Several studies have demonstrated that systemic low-grade inflammation plays a role in OA, and IL-6,12,13 IL-8,37 TNFR1, and TNFR214 have been associated with OA pain and functional impairment. This is supported by our findings wherein biomarkers of both the IL-6 and TNF family were associated with pain and PDI together with IL-8 and IL-1α. Thus, the models included several biomarkers from several different cytokine families. This is also in accordance with previous studies of low-grade systemic inflammation, where outcomes were better predicted by a combination of biomarkers from several levels of the inflammatory system than from one biomarker alone.12,38
We are not aware of any previous studies exploring the association between low-grade systemic inflammation and outcome after THA. However, in patients with knee OA, Giordano et al39 found one subgroup of patients in whom altered preoperative levels of inflammatory biomarkers were associated with worse pain intensity and function score 12 months after total knee arthroplasty. In another study of knee OA, the effect of a diet and exercise programme was evaluated.12 Improvements of pain and function were predicted by the combined change in TNF, IL-6, soluble IL-1 receptor, and CRP, independent of weight loss. This supports our findings that low-grade systemic inflammation not only plays a role in symptom presentation of OA, but could also be a predictor of the response to treatment of OA. The mechanism behind this association remains to be elucidated, but OA pain and persisting pain after THA are multifactorial,8 and the association with structural pathology is relatively weak.4,40-42 It has been hypothesized that several subtypes of OA exist, where inflammation plays a more important role in some subtypes.18 Our results support the hypothesis that in cases where systemic inflammation is an important driver of pain and functional impairment, surgical treatment may be less effective. The potential for using preoperative profiles of inflammatory blood biomarkers, possibly together with existing pretreatment predictors, for a more stratified patient selection for THA, should be explored in larger studies.
The exact role of neuroinflammation in OA pain in humans is not fully clear. Elevated levels of pro-inflammatory biomarkers, including IL-1β and IL-8, have been inconsistently demonstrated in patients with OA and interpreted as a sign of central neuroinflammation.17,43-45 While some studies have reported an association between elevated pro-inflammatory biomarkers in CSF, central sensitization, and pain,45 other studies have conversely reported a negative correlation between pro-inflammatory CSF biomarkers, pain, and disability.43,44 In our study, we did not find a simple picture of elevated pro-inflammatory and reduced anti-inflammatory biomarkers to be associated with pain and PDI. Rather, we found pain to be associated with higher levels of IL-6, IL-6R, and TNFR2 and reduced levels of IL-1Ra and TNFR1. TNFR2 and IL-1Ra are predominantly considered anti-inflammatory, while the rest are considered pro-inflammatory. Worse PDI was associated with lower levels of gp130 and TNF, and higher levels of IL-1β, which are all considered predominantly pro-inflammatory. However, this complexity is well documented in studies of chronic inflammation and inflammaging,38,46 where activation of the immune system was associated with a variation of simultaneous changes in both pro- and anti-inflammatory markers, illustrating the complex and sometimes subtle feedback mechanisms in the inflammatory response.

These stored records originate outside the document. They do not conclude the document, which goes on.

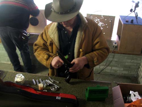 R&S Robbie Sommige mensen schieten met antieke wapens, zoals deze heer hier boven dat doet met een Rogers & Spencer. Bedachtzaam laadt hij het wapen. De revolver uit 1865 doet helemaal niets onder voor een gloednieuwe replica van nu, bewijst Robbie. Zijn groepjes zijn niet slecht! ___________________________________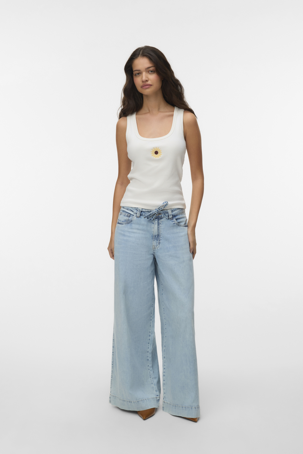 Deze stijlvolle dames top van Vero Moda is een veelzijdige aanvulling op je wintergarderobe. Gemaakt van een comfortabele mix van 95% katoen en 5% elastaan, biedt het een zachte en aansluitende slim fit pasvorm die je silhouet mooi accentueert. De top heeft een elegante ronde hals en mouwloos ontwerp, waardoor het een perfecte keuze is voor zowel casual als feestelijke gelegenheden. Op de voorkant prikt een subtiele zonnebloem, wat een charmante en speelse touch toevoegt. Met zijn tijdloze witte kleur en normale lengte kun je deze Vero Moda top gemakkelijk combineren met verschillende stijlen. Of je nu een gezellige avond thuis plant of een informele bijeenkomst bijwoont, deze top past perfect bij een jeans of rok voor een moeiteloze, stijlvolle look. De eenvoudige maar verfijnde look maakt het een veelzijdig kledingstuk dat in vrijwel elke situatie gedragen kan worden.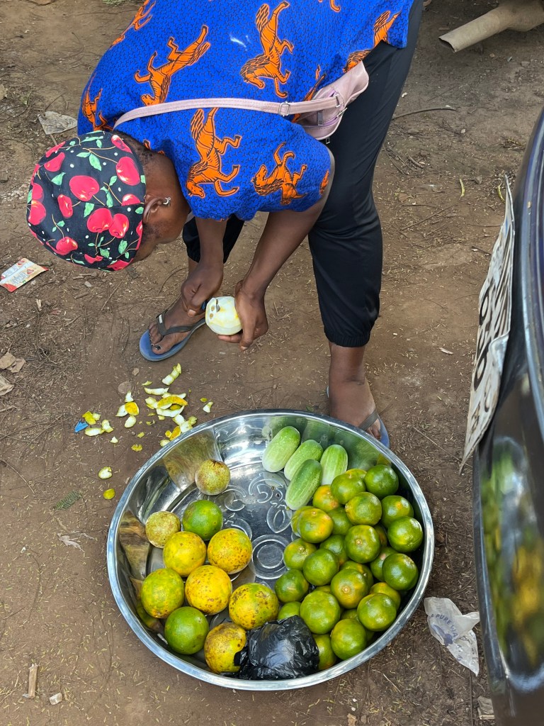 Amadu meinte, ich solle davon nehmen – Orangen – die seien gut für den Energiehaushalt. So nahm dann auch Ralf zwei von den gelbgrünen braungesprenkelten Orangen. Sie wurden von der Dame vorbereitet, indem sie die äußere harte Schale mit dem Messer entfernte, dann einen Deckel oben abschnitt und dann konnte man selber hinein beißen und essen wie und was man davon wollte. Die innere Haut – Kerne etc. dann einfach in die Gegend spucken. Das war sehr lecker und erfrischend.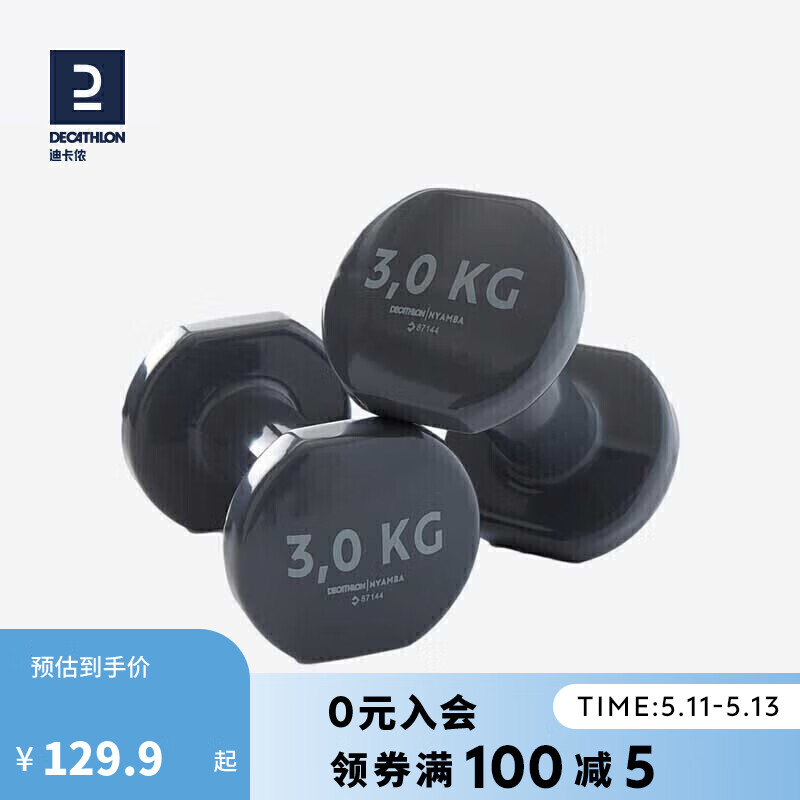 迪卡侬哑铃女士健身家用器材男士儿童一对跳操瘦手臂灰色-3KgX2 712811价格:129.90元!

Our study has several limitations. The relatively limited number of participants entails that the multiple regression analyses should be interpreted with caution. As mentioned previously, the study aims at within-sample prediction and is thus hypothesis-generating by nature. Confirmation of the results in a larger cohort is mandatory. Secondly, the relative interdependence of some of the biomarkers may introduce some degree of collinearity into the model. While collinearity does not affect the overall predictive power of the model, it introduces increased variance to the individual biomarker in the model, which possibly affects the sign and size of the regression coefficients, their standard error, or the associated t-tests, which therefore should be interpreted with caution.47,48 Finally, all patients received Celecoxib preoperatively as pre-anaesthetic drugs. We do not, however, consider this a serious source of bias, since it was administered at the same time that the blood samples were collected, thereby not affecting blood values. The CSF samples were collected one to two hours after administration. Maximum plasma concentration is achieved after two to four hours,49 and crossing the blood-brain barrier induces a further delay of 1.1 hours before maximum CSF concentration is reached (which equals a maximum CSF concentration after 3 to 5 hours).50 Since the mechanism of action is on blocking the synthesis of prostanoids via inhibition of the cyclooxygenase 2 enzyme, thereby possibly inhibiting cytokine levels,51 we estimate that an effect on CSF concentrations of cytokines and associated receptors one to two hours after oral administration would be minimal.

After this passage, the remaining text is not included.